Buster and Lizzie are asleep and Hank has snuck down to the rumpus room, found Susan there and persuaded her to take a ride with him in his father's truck. They are parked by the river. Isabel moves in behind her husband, wraps her arms around his gut and licks his sweaty neck. He tastes of salt and a briny tang. Her belly, flatter than it has been in months, presses into his rear. She fishes in his pants pocket for a Zippo and dallies there a moment longer than is necessary. “It's not folks,” she says, having guessed the conversation from one end. “It's just Len.” She reaches around behind to the counter where she left an open package of cigarettes, lights one, inhales deeply and turns to blow the smoke down the back of Tom's neck, under his collar. “His nose is out of joint because we took Susan in.”

“If it's not one damned thing it's another. It's always something with him. Well he can shove it. See if that bastard ever gets so much as a hello from me again!”

“You don't mean that,” Isabel soothes. “You're a better man than that.”

A better man. No. Tom doesn't think so any more. Their livelihoods depend on tobacco, and the marketing board getting government support is a good idea but instead of making things better for the community it's become a great glass ceiling shattering down on him. He's been fighting someone or something all year because of it. He collapses his weight against Isabel's and is unspeakably tired.

“You know what's worse? The boys.”

“Thomas.”

“No, Hank's miserable here; I can see that. And I can't talk to Buster any more without it turning into a fight. I've tried. I'm through fighting, Isabel. In fact, Hazel can bring in someone else to lead the parade. Len can produce and sell as much as he wants, goddamnit. I'm washing my hands of it all.” He meets her eyes. “We can manage the costs of that surgery too. Tell Doc John if his offer to go with Buster still stands, we'll take it.”

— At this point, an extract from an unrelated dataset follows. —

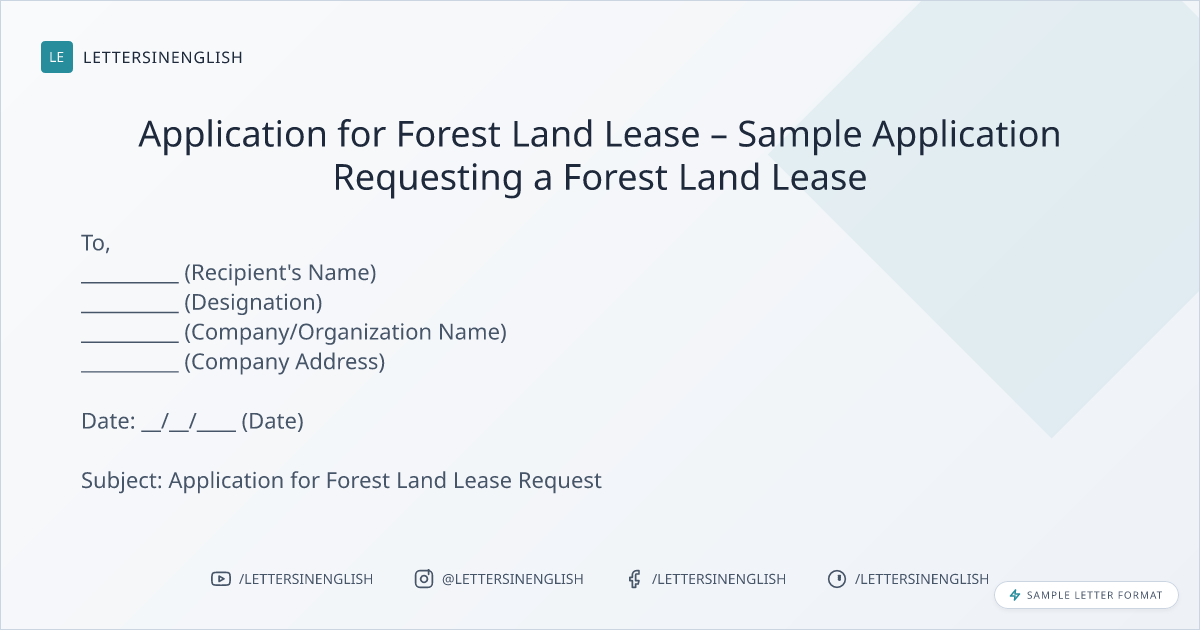 I am writing to formally request the lease of forest land from __________ (Company/Organization Name) for the purpose of __________ (specific use of land, e.g., cultivation, sustainable forestry, etc.). I am a __________ (Your Position or Title) at __________ (Your Company/Organization Name), and I believe this land is suitable for __________ (explain why the land is ideal for your purpose).

The farm and everything it represents is Tom's right hand, his left hand, his entire sense of himself carried in both and Isabel knows it. The fact that someone has taken such a public swing at his reputation leaves her husband feeling as if he's holding air. “Len's all piss and vinegar,” she says. “Everyone knows that. It'll pass. As for Buster, he's been angry with both of us, not only you. This is not about you.” She means it when she says it, and hopes he is listening. It's time she ushered in a reconciliation. She blows smoke rings into the air and rubs up against him like any one of the farm cats rubbing ankles to be let into the house. “Lizzie adores you,” she says. “So does Hank, whether he wants to be a grower or not. So do I. And this surgery is the right decision. You'll see, it'll all work through in time. Buster's coming around. He's just stubborn. A lot like his father.” She presses her cigarette to his lips, nibbles on his earlobe and watches as he sucks hard, his cheeks hollowing.